Comprehensive uncertainty analysis of a Wiebe function-based combustion model for pilot-ignited natural gas engines

Abstract

This paper presents a comprehensive uncertainty analysis of a Wiebe function-based combustion model for advanced low-pilot-ignited natural gas (ALPING) combustion in a single-cylinder research engine. The sensitivities, uncertainty magnification factors (UMFs), and uncertainty percentage contributions (UPCs) of different experimental input variables and model parameters were investigated. First, the Wiebe function model was validated against experimental heat release/mass burned fraction profiles and cylinder pressure histories for three pilot injection timings (start of injection (SOI)): −20°, −40°, and −60° after top dead center (ATDC). Second, the sensitivities and UMFs of predicted cylinder pressure histories were determined. Finally, crank angle-resolved uncertainties were quantified and mapped as ‘uncertainty bounds’ in predicted pressures, which were compared with measured pressure curves with error bars for cyclic variations. The Wiebe function-based combustion model with a quadratic interpolation equation for the specific heat ratio ( γ) provided reasonable cylinder pressure and heat release/mass burned fraction predictions for all SOIs (better for −20° and −60° ATDC SOIs compared with −40° ATDC). Uncertainty analysis results indicated that γ (parameters in the quadratic interpolation equation), compression ratio, mass and lower heating value of natural gas trapped in the cylinder, overall trapped mass, and ignition delay were important contributors to the overall uncertainty in predicted cylinder pressures. For all SOIs, γ exhibited the highest UPC values (80–90 per cent) and therefore, γ must be determined with the minimum possible uncertainty to ensure satisfactory predictions of cylinder pressure histories. While the importance of γ in single-zone combustion models is well recognized, the specific contribution of the present analysis is quantification of the crank angle-resolved UPCs of γ and other model parameters to the overall model uncertainty.
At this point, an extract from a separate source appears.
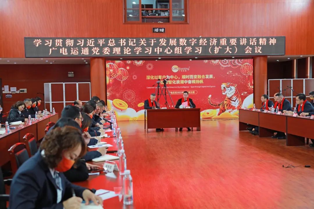 广州无线电集团党委副书记、总经理,广电运通董事长黄跃珍出席会议并讲话,公司党委书记、总经理陈建良主持会议,公司党委副书记、工会主席谢臣传达学习习近平总书记关于发展数字经济的重要讲话精神和省市关于促进数字经济发展的有关文件,公司党委委员、副总经理解永生围绕数字经济发展实践作主题发言,与会人员围绕数字经济与公司融合发展畅谈学习体会,公司党委班子、中层及以上干部、广州市下属子公司总经理现场参会,异地分子公司经营班子通过线上直播形式参加会议。
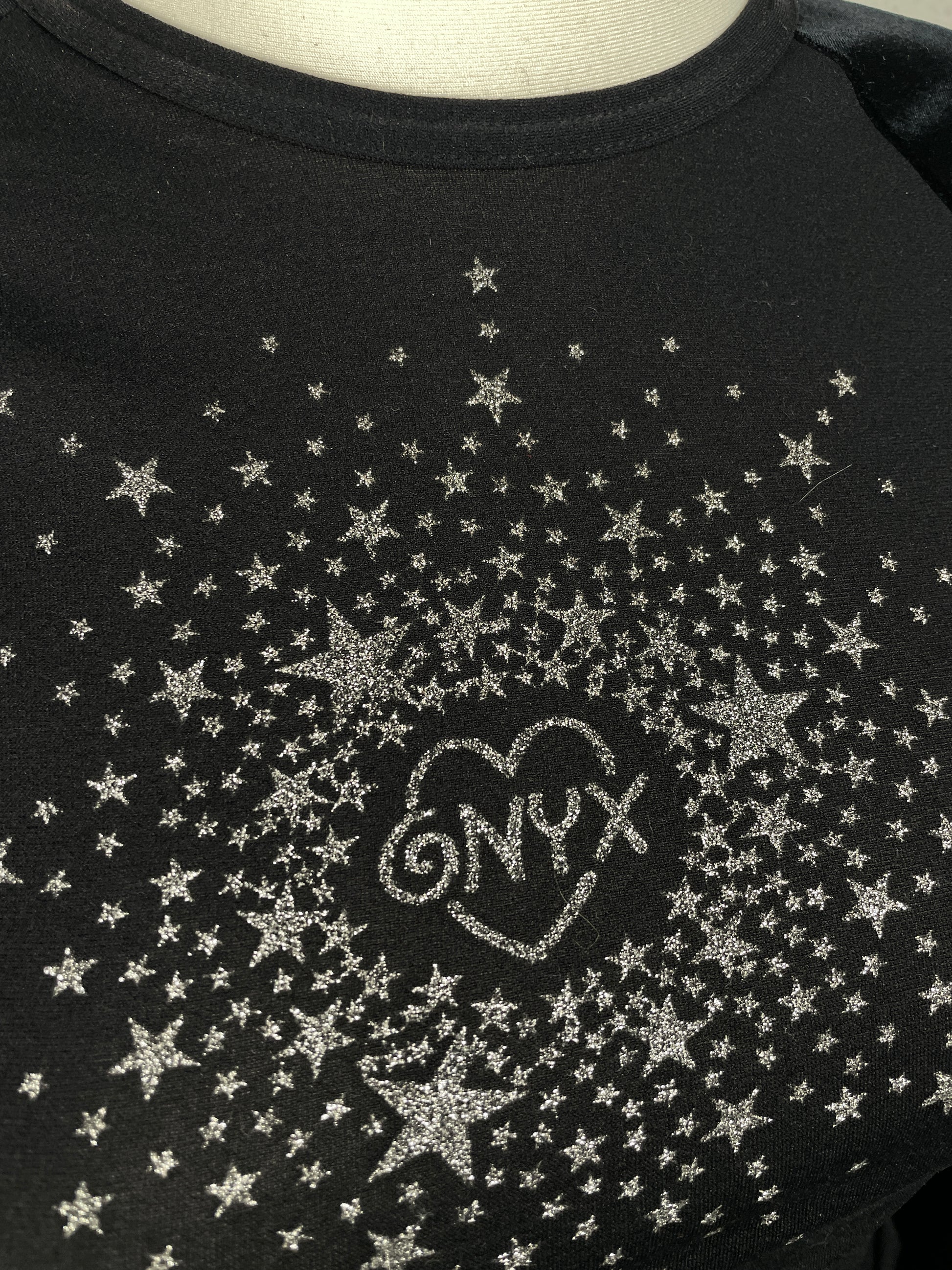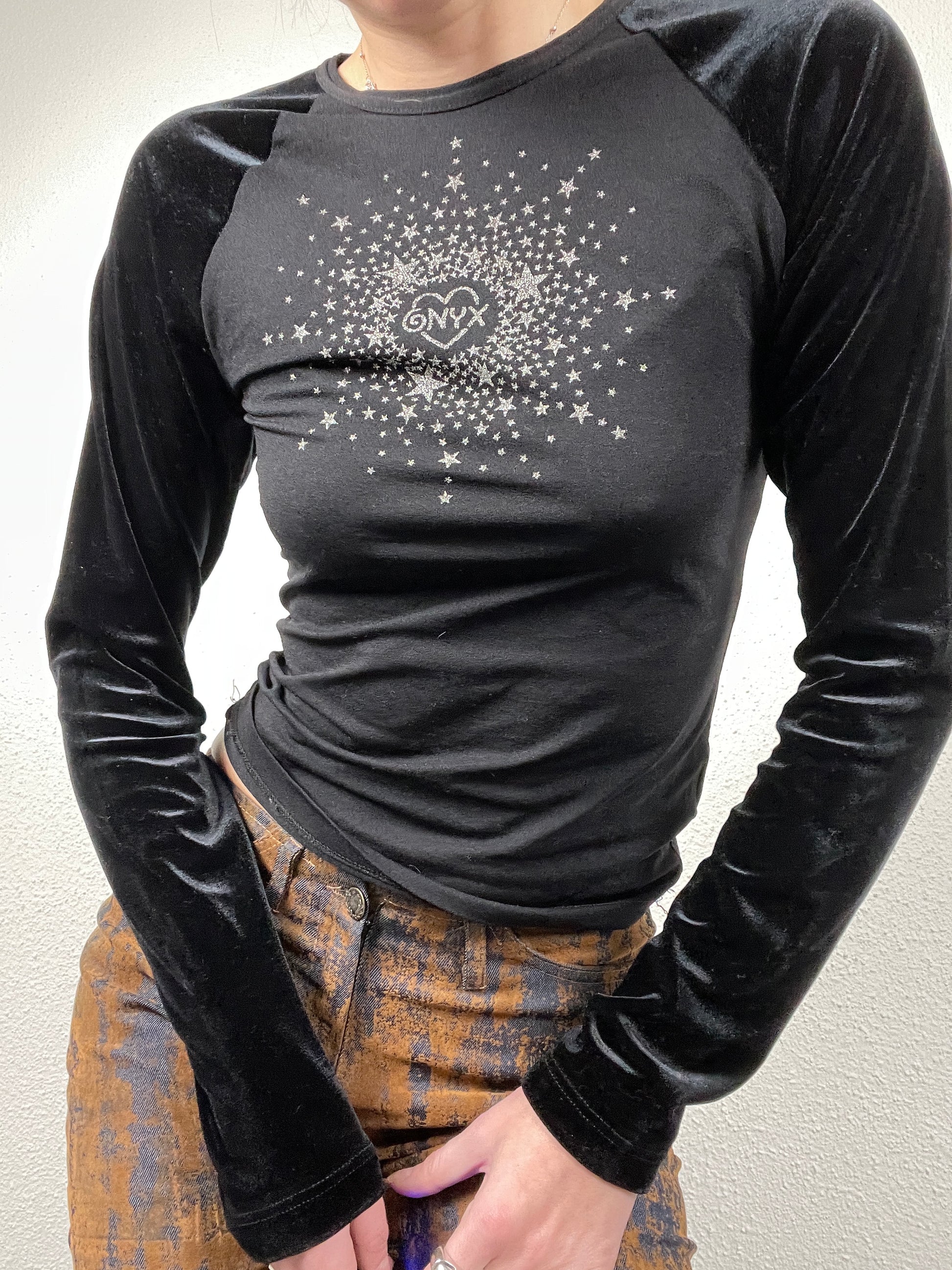 Y2K vintage ONYX Italian velvet-sleeve starburst top.

In this paper, it is shown that uncertainty analysis provides a unique methodology for quantitative validation of crank angle-resolved predictions from any type of engine combustion model with the corresponding experimental results. It is also shown that uncertainties in both predicted and measured cylinder pressures and heat release rates must be considered while validating any engine combustion model.